In our fast paced world, it’s common to need a tranquilizer from time to time. You might have stress about work, family responsibilities, or finances. If you go to your doctor or psychiatrist, he or she might prescribe a tranquilizer to help ease your anxiety.

Essentially there are two forms of tranquilizers – major and minor. The major tranquilizers are often used as psychotropic medication, meaning they are frequently used to treat mental illness, including schizophrenia. Some examples of major tranquilizers include:

  • -Mellaril
  • -Haldol
  • -Navane
  • -Thorazine
  • -Prolixin

 

The minor tranquilizers are known as benzodiazepines. They are prescribed not so much in treatment mental illness, but instead for addiction withdrawal symptoms. Benzodiazepines are also prescribed when people have a persistent sense of anxiety, such as described above. Examples of minor tranquilizers include:

  • -Valium (diazepam)
  • -Ativan (lorazepam)
  • -Xanax (alprazolam)
  • -Klonopin or Rivotril (clonazepam)
  • -Restoril (temazepam)
  • -Rohypnol (flunitrazepam)
  • -Dalmane (flurazepam)
  • -Imovane (zopiclone)
  • -Ambien (zoldipem)
  • -Lunesta (eszopiclone)

 

The risk with Benzodiazepines, however, is that they are highly addictive. Benzodiazepines have a relatively high dependence rating of 1.89 on a 3 point scale.
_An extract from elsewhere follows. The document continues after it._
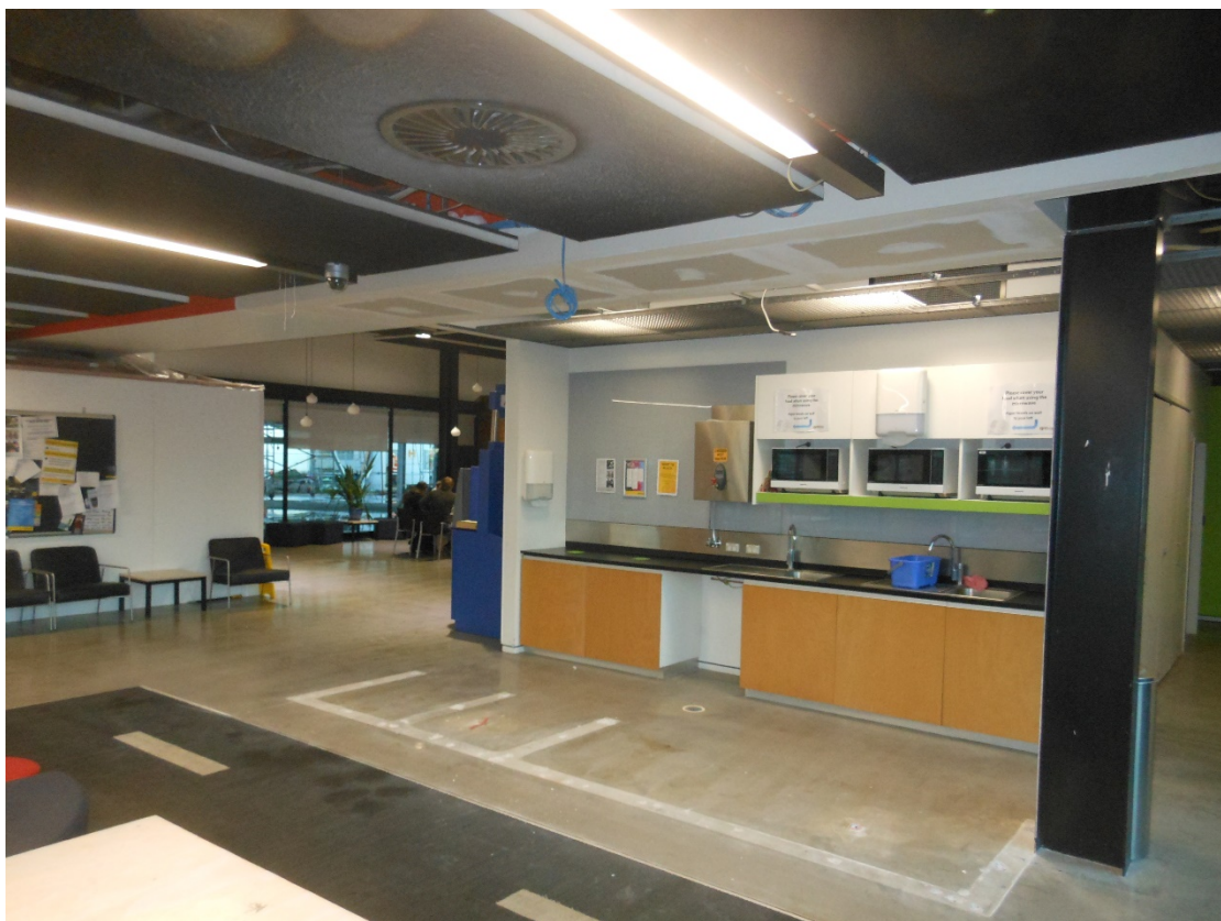
The demolition completed and the new bulkhead is constructed.

Yet, if a recovering addict can take Benzodiazepines as prescribed, they usually won’t experience the risk of addiction.

Because tranquilizers are often prescribed so readily combined with their high addictive quality, it’s easy to develop an addiction. This is particularly true if a growing tolerance develops to the drug. For instance, if someone appreciates the effects of tranquilizers and doesn’t like their experience when the drug wears off, he or she might take the drug more often than prescribed. This might lead to developing a tolerance, which is a need for greater amounts of the drug to produce the same effects. This can lead to both a physical as well as a psychological addiction. Also, it’s common for people to use tranquilizers as a means for escaping physical and emotional pain. It doesn’t take long for some people to get trapped in the cycle of needing tranquilizers to feel good about their lives.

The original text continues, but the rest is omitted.